Chinese officials have ordered a tightening of already strict anti-bird flu measures in response to two new bird flu outbreaks in poultry, the Associated Press reported.

These latest outbreaks are the 16th and 17th in Chinese poultry in recent weeks and occurred even though the country has been pushing to vaccinate billions of poultry against bird flu.

The new regulations require local authorities to establish bird flu warning networks and to stockpile disinfectant and other supplies, the AP reported.

Also on Monday, Romania announced plans to destroy 2,000 poultry after bird flu was detected in hens in a village along the Danube River.

In related news, more than 67,000 ducks and geese will be killed in the Canadian province of British Columbia after a bird in the Chilliwack area tested positive for avian flu, but not the deadly H5N1 strain.

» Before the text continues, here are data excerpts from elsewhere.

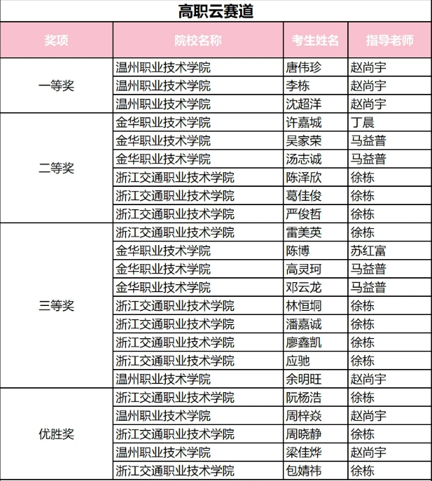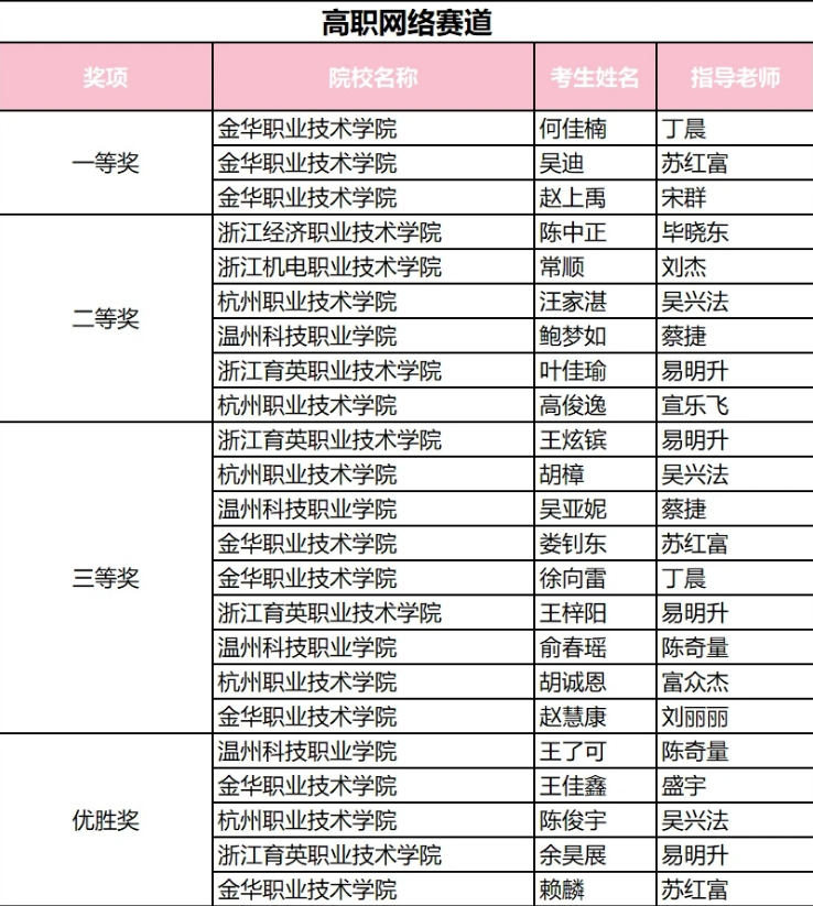 近日,在华为ICT大赛2022-2023中国区浙江省实践赛中,金华职业技术学院信息工程学院学子斩获多个奖项。信息工程学院通信与网络技术专业积极组织各专业学生参赛,其中网络专业何佳楠、物联网专业吴迪、赵上禹3位同学喜获网络赛道获一等奖,将代表浙江省赛区参加国赛;网络赛道娄钊东、徐向雷、赵慧康、王佳鑫、赖麟5位同学喜获三等奖。云赛道许嘉城、吴家荣、汤志诚3位同学喜获二等奖;陈博、高灵珂、邓云龙3位同学喜获三等奖。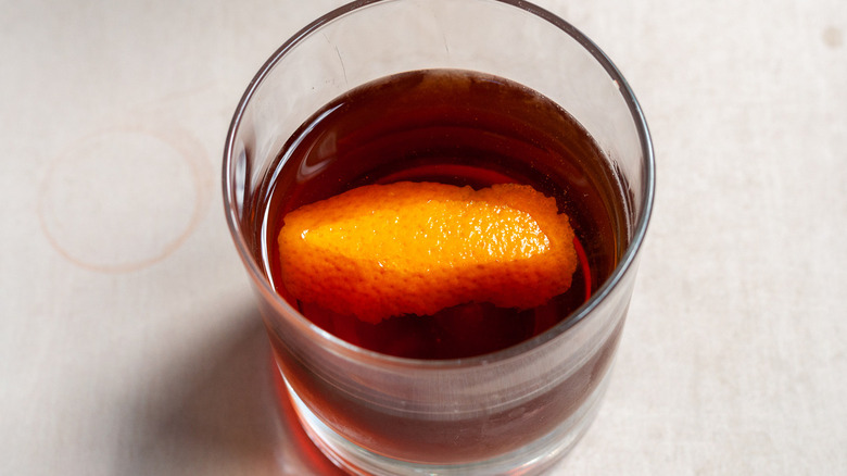 As we've already discussed, there are but 3 liquid ingredients you'll put into this Manhattan cocktail: rye whiskey, vermouth, and Angostura bitters. There is, of course, a fourth ingredient, which is the orange peel, and you'll definitely want those citrusy notes to cut the dryness of the cocktail. This recipe is very bare-bones, and Musgrave notes that there isn't a special or stand-out ingredient in the mix. Nothing wrong with the classics!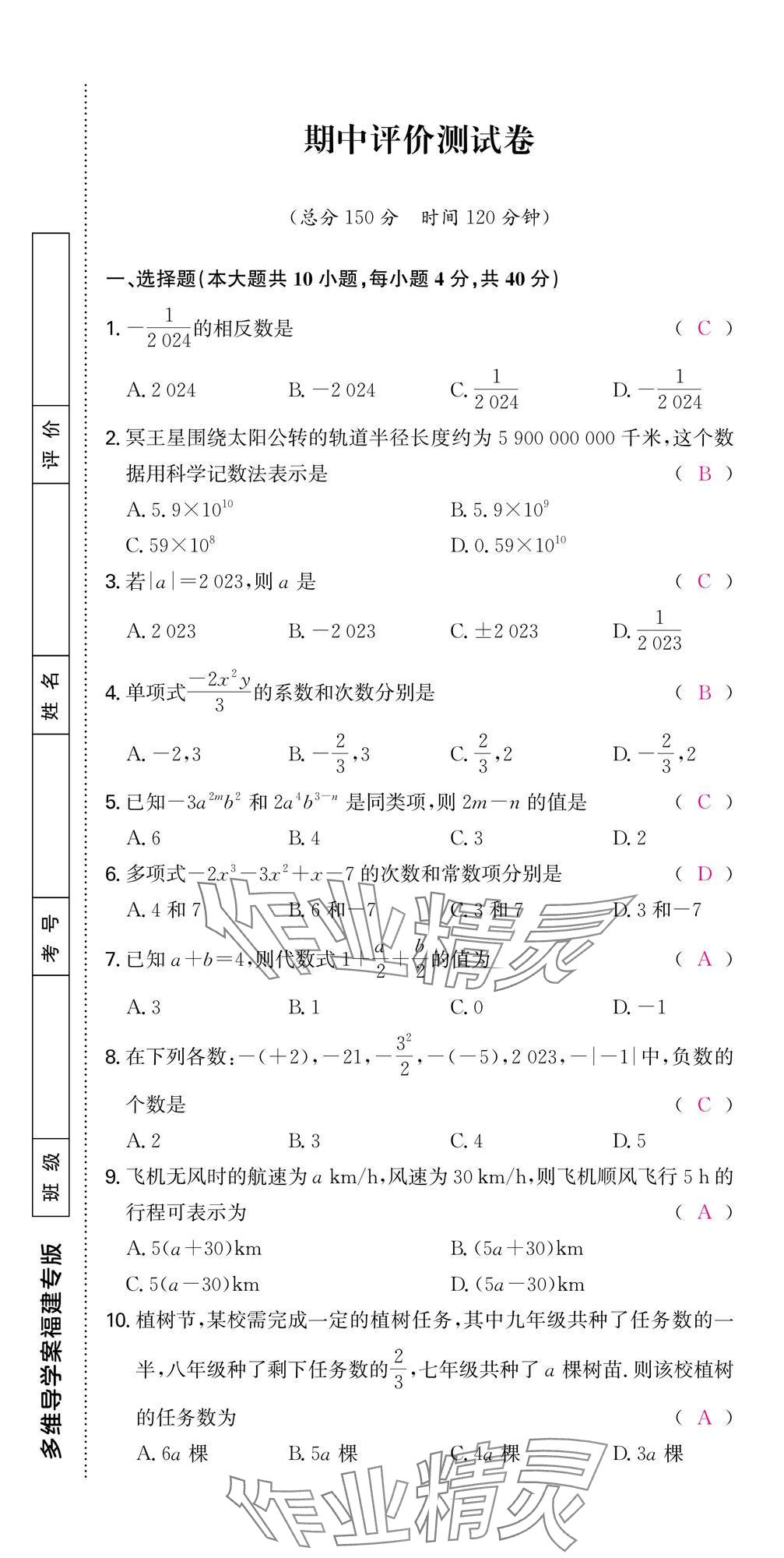- 参考答案第70页

The Canadian Food Inspection Agency (CFIA) said the virus was a mild North American strain of bird flu that's been present on the continent for decades. However, they decided on the cull because this mild strain of bird flu virus does have the potential to mutate into a more dangerous version, the Globe and Mail reported.

The CFIA also announced that two wild ducks in the province of Manitoba tested positive for the H5N1 strain. However, it was a low-pathogenic version of H5N1 and not as dangerous as the strain currently plagued Asia.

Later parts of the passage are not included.